Compensatory Decrease in Inhibition in Neurons Treated with Patient Antibodies
Previous studies showed that chronic pharmacological blockade of AMPAR-mediated transmission led to a homeostatic decrease of inhibitory synapse strength such that neurons maintain their firing rate.28–32 To examine whether similar compensatory changes occurred following the decrease in AMPAR-mediated transmission induced by patient antibodies, mIPSCs were recorded in the presence of TTX, APV, and CNQX. Measurements were done 48 hours after patient CSF treatment, and the decrease of synaptic AMPARs assayed by immunostaining was comparable to 24-hour treatment. The frequency of mIPSCs decreased significantly (Fig 6A–C, Student t test, p = 0.03), whereas the amplitude was comparable between control and patient antibody-treated conditions. To examine the effects of patient antibodies on inhibitory synapses, neurons were immunostained with an inhibitory presynaptic marker, vGAT, and the postsynaptic GABAAR β2/3 (Fig 6D). Patient CSF or CNQX treatment for 48 hours reduced vGAT staining intensity (Fig 6D, F), whereas the density of inhibitory synapses defined by colocalization of vGAT and GABAAR clusters was comparable among conditions.
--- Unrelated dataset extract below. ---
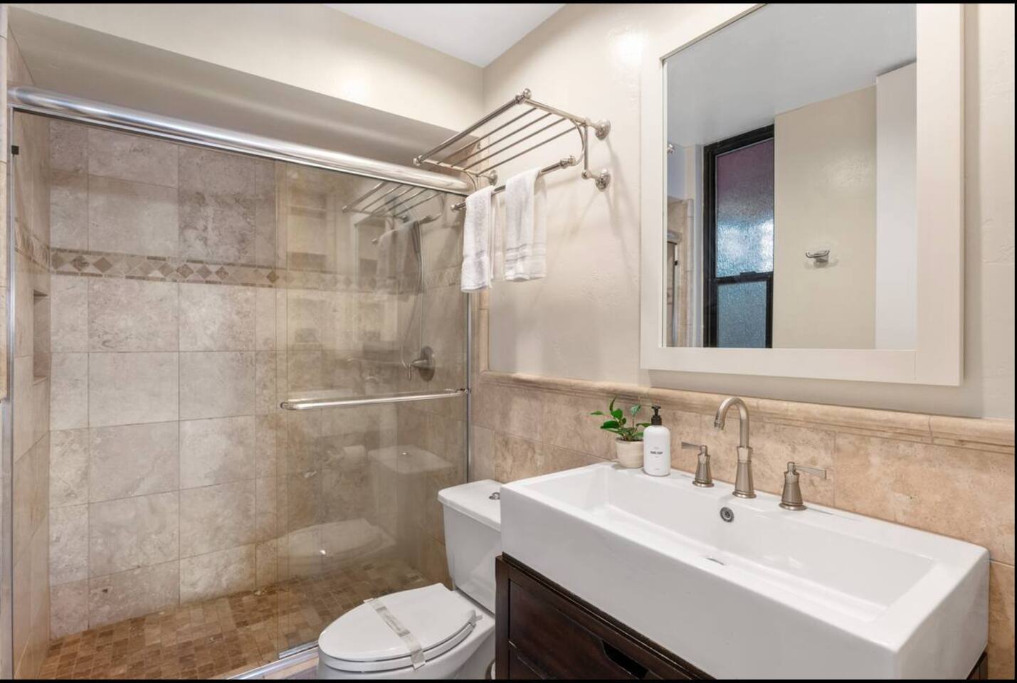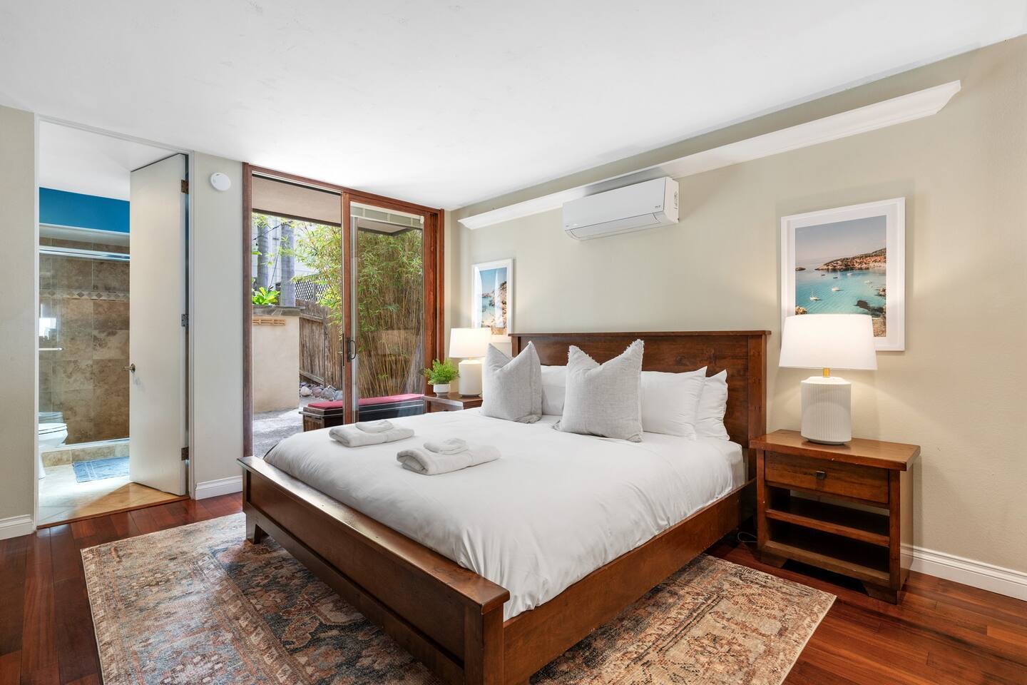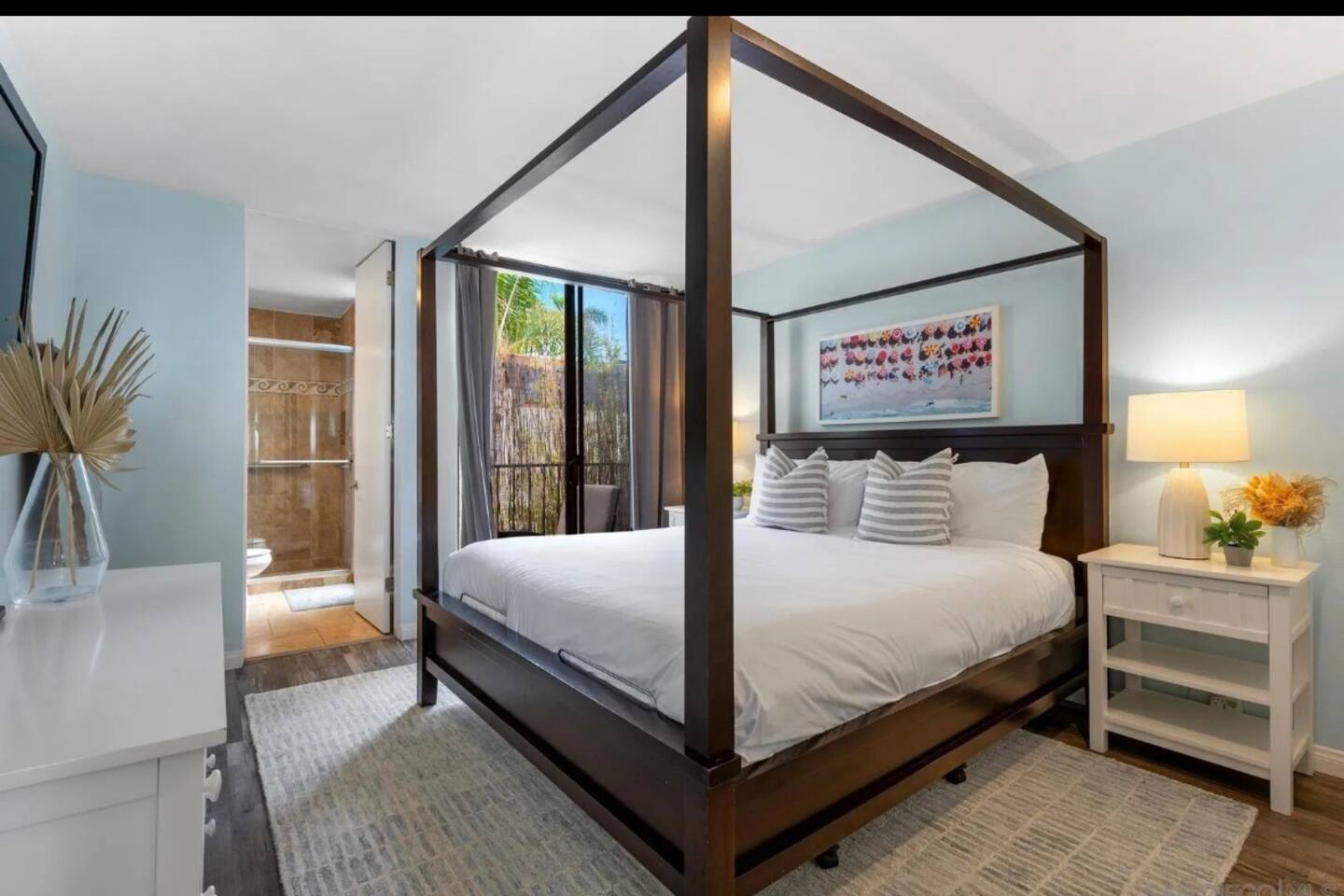 OohLala Spa features a single-level floor plan and is beautifully decorated in a beachy-chic theme that will get you in a summer state of mind. Floor-to-ceiling sliding glass doors provide a very open feeling, leading to the ocean beyond. The living area includes a cozy sectional couch and a large TV, a kitchen with stainless steel appliances, granite countertops, and a breakfast bar. Oohlala Spa features 2 suites, each with king-sized memory foam beds, and there's a roll-away for extra sleeping accommodations. Each suite also includes a private bathroom with travertine tile and modern sink consoles. Both bathrooms feature a stand–up shower. Each bedroom also opens to a private back patio. Out back is a slate patio with an outdoor bar and a built-in bubbling spa, the perfect place to relax! This home is conveniently located within a 5-minute drive to local favorite food and drink spots and the world-class restaurants and local boutiques of downtown La Jolla Village and Prospect Street. Call or message Sherri at Ooh Lala Jolla to make sure this is the perfect home for you. Once you arrive, we are here to ensure you have a 5-star experience! Ooh Lala Spa Layout • Living area • Full kitchen • Breakfast bar island, seating for 4 • Dining area with seating for 6 • Oceanview balcony with seating • Bedroom 1: King bed (sleeps 2), TV • En suite bathroom, walk-in shower • Access to a balcony with gas BBQ • Bedroom 2: King bed (sleeps 2), TV • En suite bathroom with walk-in shower PARKING • 1-car space in the driveway • Narrow, not suitable for larger vehicles • Limited additional street parking Only accessible by stairs

To confirm that the change of vGAT staining intensity was not a direct result of patient's antibodies but rather a reflection of decreased neuronal excitation, coverslips were treated with KCl to depolarize neurons, increasing their activity, with or without patient CSF. In conditions with KCl alone or KCl plus patient CSF, presynaptic vGAT cluster intensity was increased significantly (Fig 6D, F), suggesting that changes in inhibitory tone were determined by the level of neuronal excitation. Together these results suggest that neurons homeostatically decrease inhibitory synaptic strength in response to the reduction in AMPAR-mediated synaptic transmission.
Figure 6
Homeostatic decrease of GABAAR-mediated synaptic transmission. (A) Miniature inhibitory postsynaptic currents (mIPSCs) recorded in physiological saline with TTX, CNQX, and APV to isolate synaptic GABAAR-mediated currents. Hippocampal neurons treated with patient CSF (bottom left trace) for 1 day have fewer mIPSCs compared to control (upper left trace). The average amplitude of GABAAR-mediated mIPSCs in neurons treated with patient CSF (bottom right trace) was similar to control (bottom left trace); n = 8 control CSF-treated neurons, 6 patient CSF-treated neurons, 1 patient 02066, 2 control samples (09724, 09726). (B) Effect of patient antibodies on GABAAR-mediated mIPSC frequency (in hertz, control [Con.] = 1.6 ± 0.5, patient [Pt.] CSF treated = 0.4 ± 0.2; *significantly different from (B); Student t test, p = 0.03). (C) Effect of patient antibodies on GABAAR-mediated mIPSC amplitudes (in picoamperes, control = 37 ± 2, patient CSF treated = 35 ± 3; Student t test, p = 0.7). (D) Hippocampal neurons immunostained for the inhibitory presynaptic marker vGAT (red) and the postsynaptic marker GABAAR (green). Inhibitory synapses are defined as the colocalization between vGAT and GABAAR staining. Patient CSF or CNQX treatment for 24 hours reduces vGAT staining intensity, whereas patient CSF + KCl (25mM) increases vGAT intensity, compared to neurons treated with control CSF (15–24 neurons from 3 independent experiments). Scale bar = 10μm. (E) Quantification of inhibitory synapse density. Numbers of immunofluorescence labeled puncta per 20μm dendrite were normalized to controls for each trial. Neurons were treated with control CSF, patient CSF, CNQX, patient CSF + KCl (25mM), or KCl (25mM). The density of inhibitory synapses was comparable among conditions (Mann–Whitney U test, p = 0.5). (F) Cumulative distribution of vGAT intensity on neurons treated with control CSF (black solid line), patient CSF (red solid line), CNQX (green solid line), patient CSF + KCl (red dotted line), or KCl (black dotted line). Patient CSF- or CNQX-treated neurons have decreased vGAT staining intensity compared to the control (Kolmogorov–Smirnov test, p < 0.0001), whereas KCl alone or KCl + patient CSF–treated neurons have increased vGAT staining (Kolmogorov–Smirnov test, p < 0.0001).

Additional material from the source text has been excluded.